Post a picture of your printed transfer. And of the shirt after you tried to press it.


----------



## webtrekker (Jan 28, 2018)

This is looking like your ink isn't really sublimation ink.

To eliminate the printer being the problem, dip your finger into one of the inks, smear it on a sheet of sublimation paper and try pressing it. If it still won'ttransfer to the polyester shirt then it is definitely NOT sublimation ink.


----------



## sharon b (Jul 6, 2011)

if you're pressing a rabbit skin, its a baby-toddler shirt. you might not have good pressure on the print area because of the bulk from the collar &/or crotch snaps. stuff the shirt with a stack of paper & try pressing again?


----------



## Bushy69 (Apr 10, 2014)

I do a LOT of sublimation and what you are describing would imply your inks are not Sublimation Ink.


The lower the polyester % the less vibrant the image would be - not zero image
Heat Press not reaching full temp would just result in a dull image - not zero image
Heat Press pressure being too low would just result in a dull/fuzzy image - not zero image
Printing to the wrong side of the paper, it would still transfer, just the quality of the print is compromised

I have used premium photocopy paper with brilliant results, the paper is not as important as people think (it is not about release, it is about absorption in low quality papers). That is to fabric, to hard surfaces you need good quality sublimation paper.

The fact you have used pre-printed sublimation images with good results also indicates that your press is OK and that you also know how to do it.

So IMO, it has to be the ink.


----------



## LisaO97 (May 16, 2021)

splathead said:


> Post a picture of your printed transfer.

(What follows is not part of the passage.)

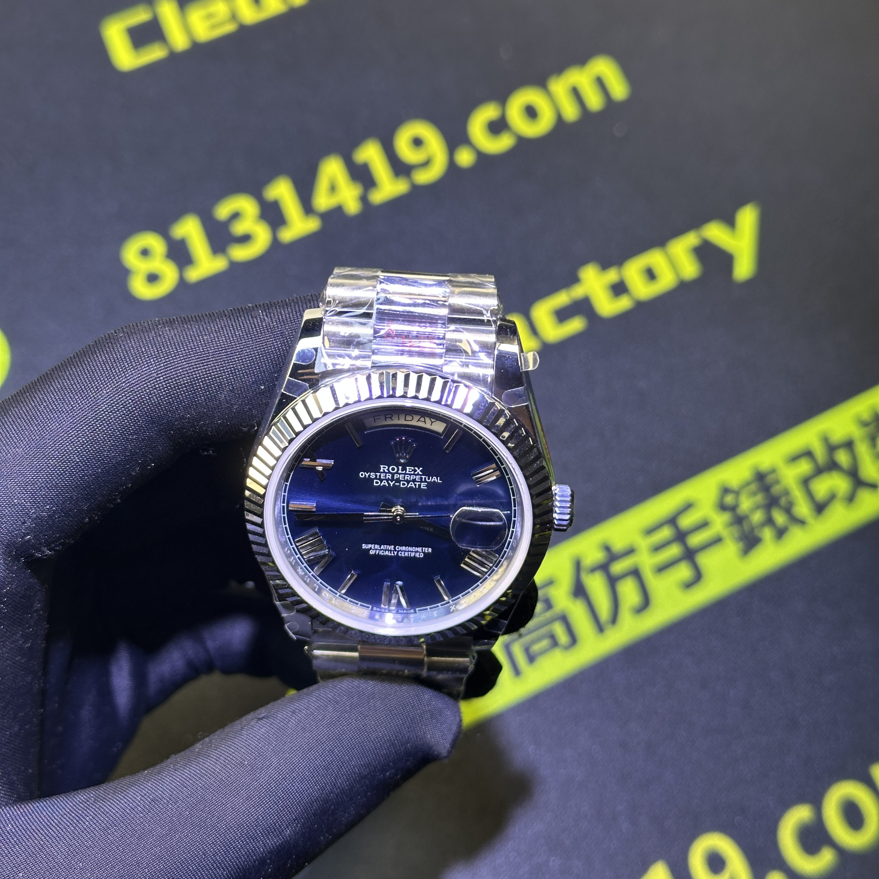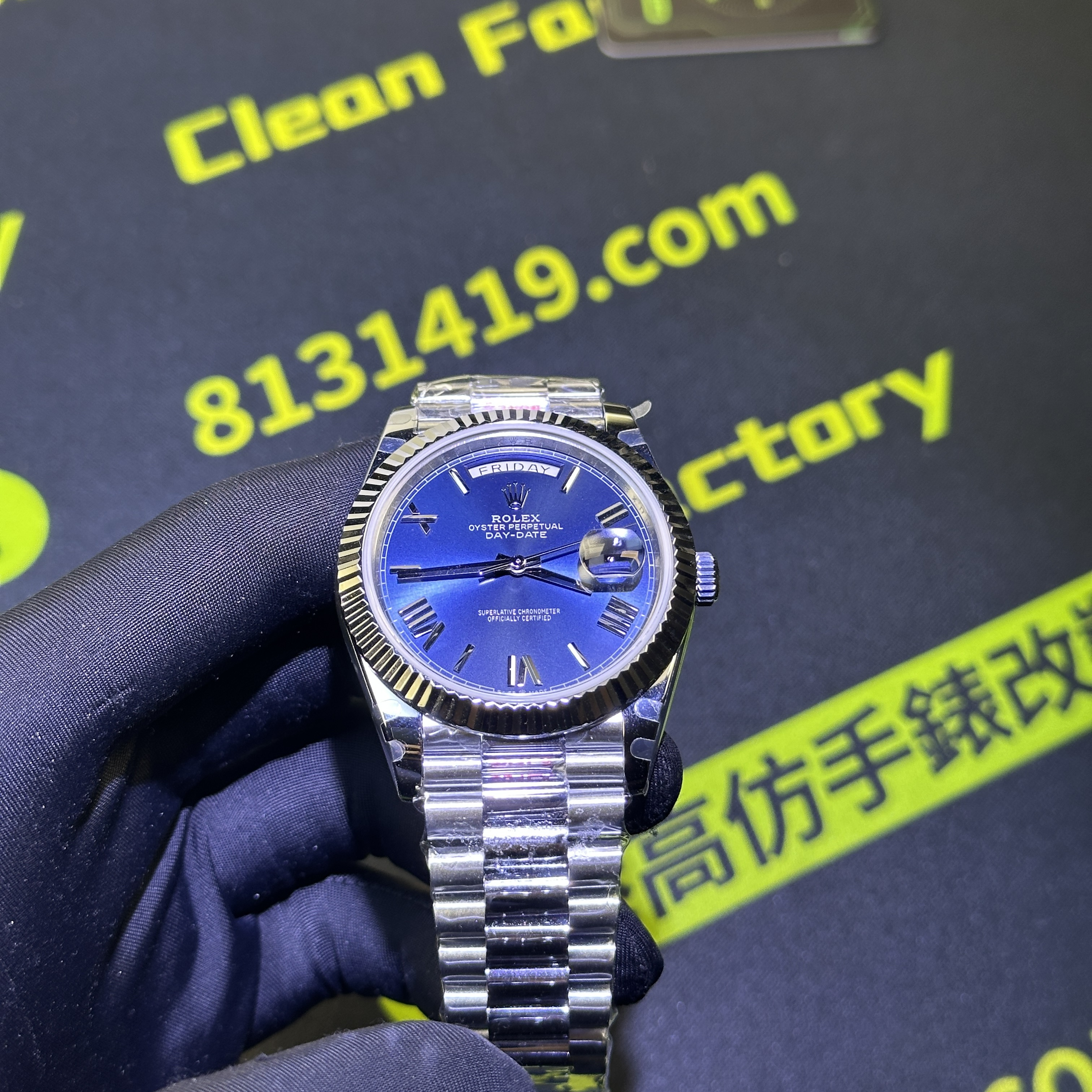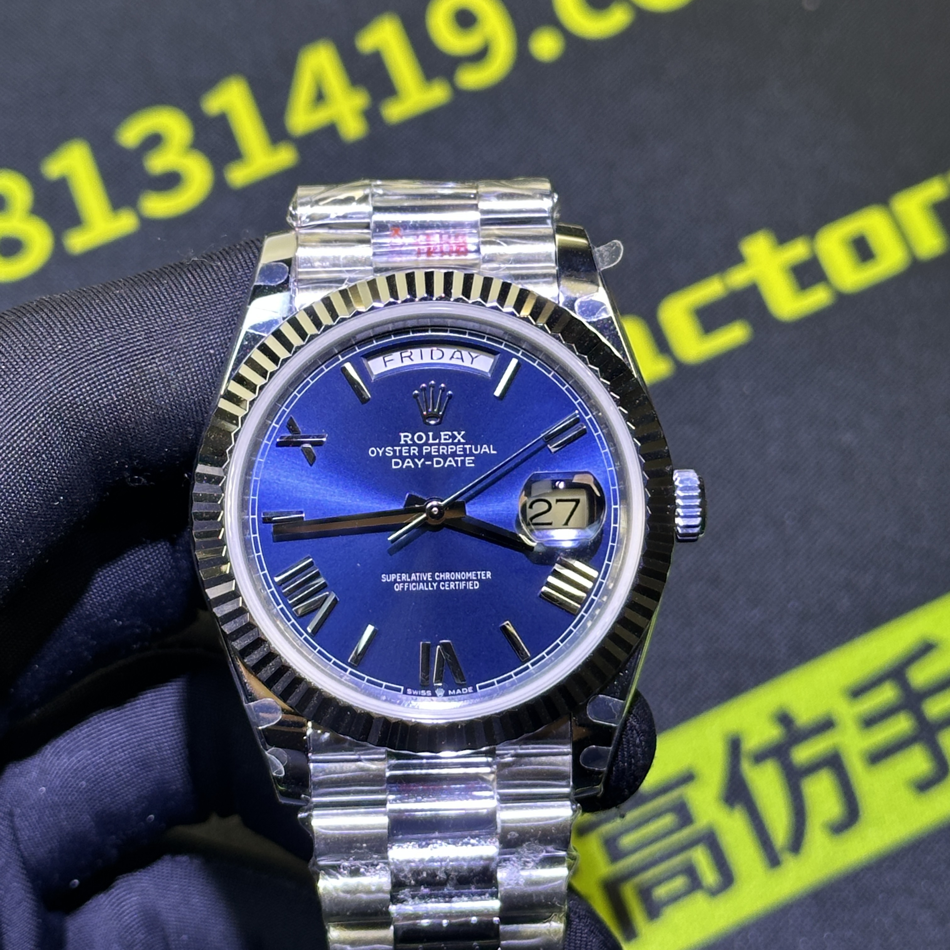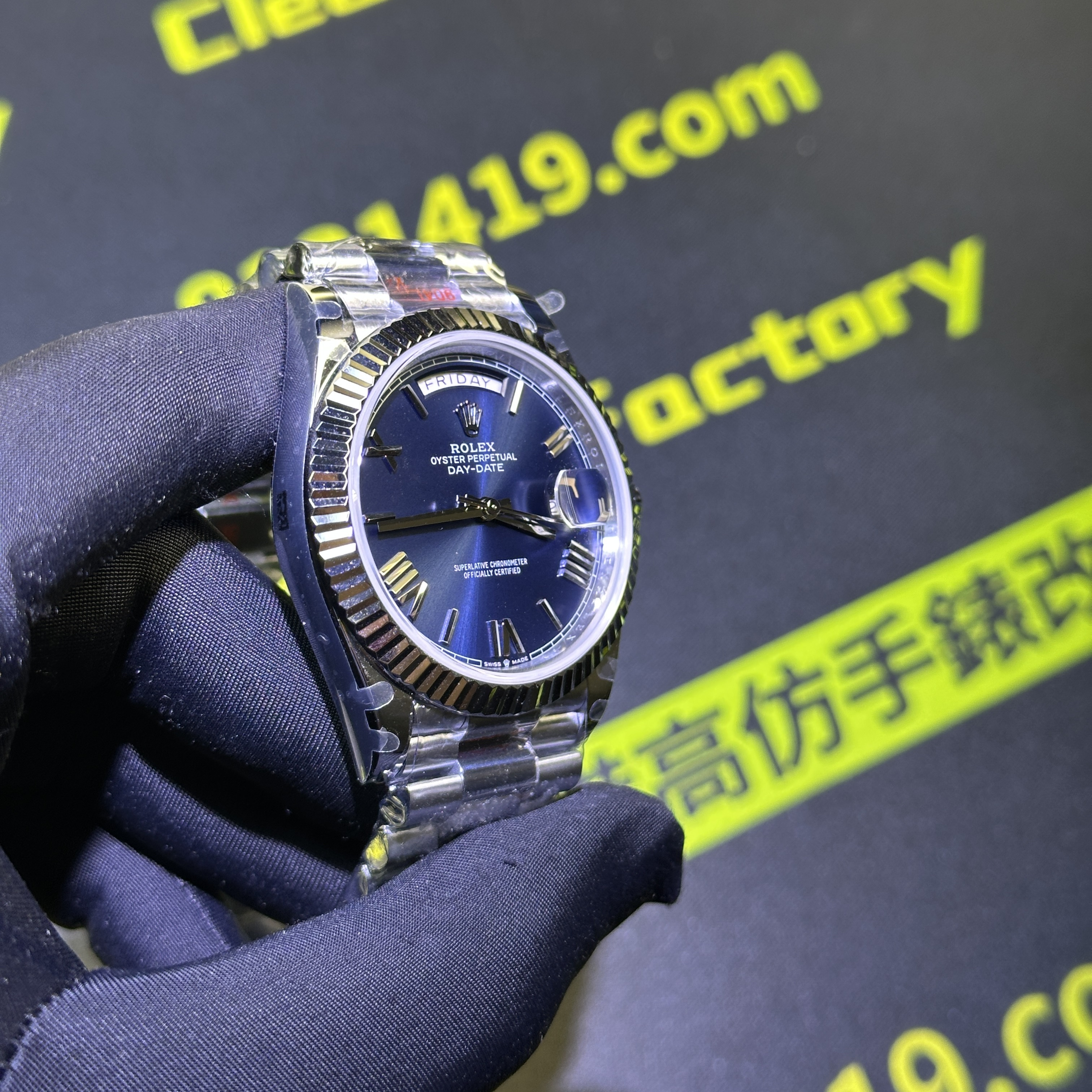 高仿DayDate系列228239藍盤對比原裝正品是否存在色差?通過實拍圖片可以實際性了解到私人訂製出品的DayDate V2版本盤面的放射紋理非常清晰,且在不同角度,不同環境,不同自然光呈現的色澤很難去區別到是否存在色差.包括印刷字面有明顯的立體感,而星期顯示功能以及日曆功能都是100%還原,而做到功能還原的需求自然是搭載了3255一體機芯.

And of the shirt after you tried to press it.











__
Sensitive content, not recommended for those under 18
Show Content


----------



## Northern_Winter (Nov 14, 2018)

LisaO97 said:


> View attachment 273299
> View attachment 273300


Is that a Rabbit Skins 5379 French Terry Dress? If so, it's possible that the Terry side (The Interior) is the polyester part and you are trying to sublimate to the cotton face of the fabric. As a test you could try and sublimate the interior of one if you have a spare. - Nw -


----------